This is a post about how not to sew the Marais Knit Top + Dress. Because I did a lot of things wrong. I took shortcuts and made poor choices. But I made it work, and ended up with a top that I really like.
I made up a quick muslin of this pattern a few months ago. I was pleasantly surprised to find that the size large D-cup seemed to fit nearly perfectly right out of the packet. But then I got too busy to sew, and the muslin disappeared into the vortex of my sewing room. Once I did get to cutting this Marais, all I remembered was that I had been happy with the fit, so I just cut out another size large D.
I used the last of a long-stashed medium-weight navy blue jersey knit. I’m not sure of the exact content, but it definitely contains both rayon and Lycra and has better recovery than my muslin fabric.
I had thrown my muslin together with my serger, and one thing I did remember was that using the serger made it very hard to get those bodice seams sewn neatly. So, this time, I sewed them with a sewing machine and all was well. Once I got the bodice put together, though, I was dismayed to realize that the neckline was a bit too low. This could be due to:
- The fact that I had not sewn the facings on my muslin and didn’t consider that the neckline would be 3/8″ deeper once I did.
- Imprecise cutting.
- The weight of my final fabric, which was heavier than that of my muslin.
I had already serged the facing to the neckline, contrary to the instructions, which recommend sewing this part with a sewing machine. It’s possible that I stretched the neckline while doing this, which could also account for the neckline being too low. In any case, I didn’t want to pick it out, so I ended up taking two tucks out of the neckline to raise it up instead. This was pretty bulky, but the bulk isn’t really noticeable when worn. It’s actually fairly common for me to have to shorten deep necklines, so I will make the adjustment to the pattern for the next time I make this.
When it was time to bind the armholes, I serged the binding to the armhole even though I knew it was not the best idea. And the seam ended up very bulky, bulkier than I had expected. Gee, I wonder why that was?
And once again, I was loath to pick it out. But I also knew the bulky seam would look pretty terrible if I folded it over and stitched it as instructed.
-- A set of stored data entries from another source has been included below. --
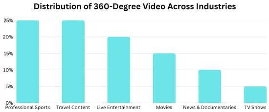 Distribution of 360° video applications across industries. The highest usage is observed in professional sports and travel content, highlighting the medium’s strong concentration within the entertainment and film sector. In contrast, the lowest adoption of 360° video is reported in news, documentaries, and TV shows.
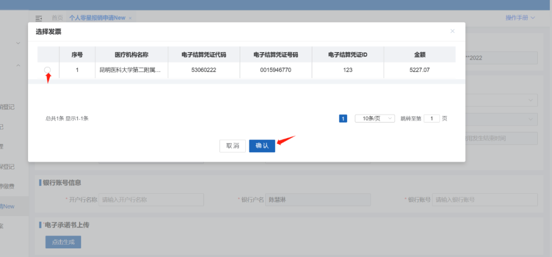 ★根据网页表单,选择【待报销明细】,输入带*的必填项,上传证明材料,然后点击提交。
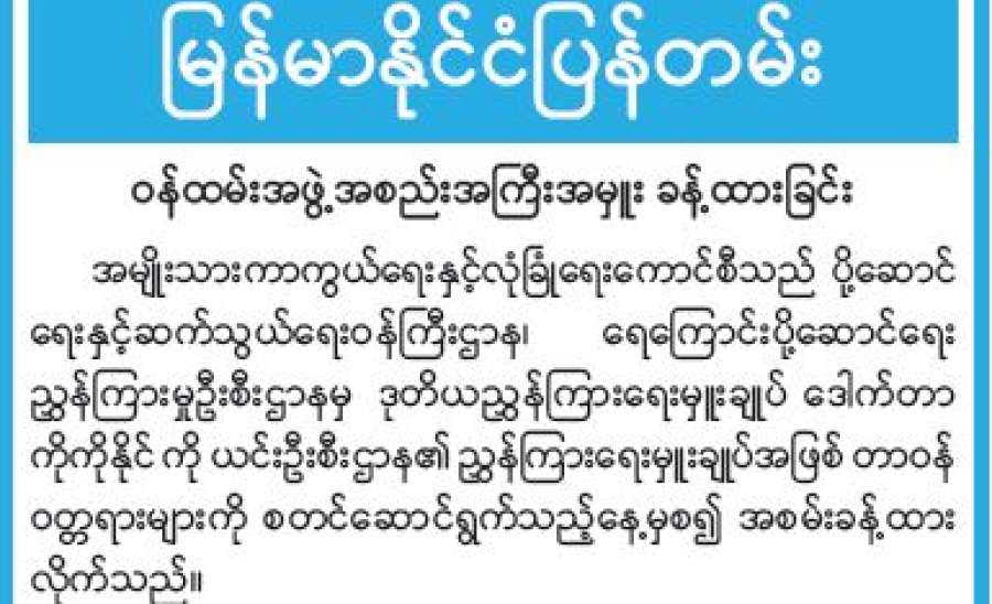 ပြည်ထောင်စုစာရင်းစစ်ချုပ်ရုံးနှင့် ပြန်ကြားရေးဝန်ကြီးဌာနတို့ ပူးပေါင်းဆောင်ရွက်သည့် အခမ်းအနားမှူး (Master of Ceremony) သင်တန်းနှင့် ဓာတ်ပုံ၊ ဗီဒီယိုရိုက်ကူးတည်းဖြတ်မှု (Video Edi-ting) သင်တန်းဖွင့်ပွဲကို ယနေ့မွန်းလွဲ ၂ နာရီတွင် နေပြည်တော်ရှိ ပြည်ထောင်စုစာရင်းစစ်ချုပ်ရုံး နဝရတ်ခန်းမ၌ ကျင်းပသည်။
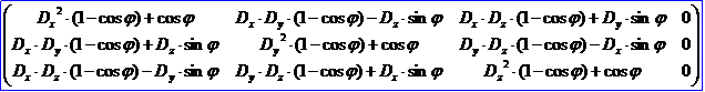 2) 绕任意轴旋转的变换矩阵,轴的方向为D(Dx, Dy, Dz),旋转角度ψ:

So instead, I decided to wrap the binding over the seam allowance and stitch in the ditch of the seam line, creating a band. This actually worked quite well and I like how it looks. The inside finish is not as neat because I didn’t fold the binding over on the inside, but I’ve never been a girl who is super-bothered about the inside of a garment.
Finally, I got to the end of the sew, and realized to my chagrin that I really should have lengthened the top about two inches. I’m 5’8″ and I prefer my tops on the longer side, and if I hadn’t lost my muslin I would have noted this.
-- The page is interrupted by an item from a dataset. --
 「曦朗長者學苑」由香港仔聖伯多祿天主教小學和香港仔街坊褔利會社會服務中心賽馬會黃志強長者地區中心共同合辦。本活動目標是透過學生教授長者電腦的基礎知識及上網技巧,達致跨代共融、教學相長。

I ended up adding length by sewing on some vintage crochet trim from my grandmother’s stash, and I really like the effect. I stretched the hem a little while sewing the trim on to make sure that the woven trim wasn’t too tight. But I should have stretched it a little less than I did; the effect is just a touch more peplum-y than I was going for.
So as you can see, I made a lot of changes on the fly. And this definitely wasn’t the first time I’ve had to do this. But my adjustments all worked and I ended up with a top that I will wear. As you can see in the photos, I’ve tried it with shorts and with high-waisted pants. I definitely prefer it with the high-waisted pants and plan to wear it that way for the remainder of the summer.
I have some orange jersey laid aside to make a second version. For that one, I plan to add 2″ in length and shorten the neckline so that I don’t have to take darts the next time.
What about you? Do you make it work when a project isn’t going the way you had anticipated, or do you move on and try something else?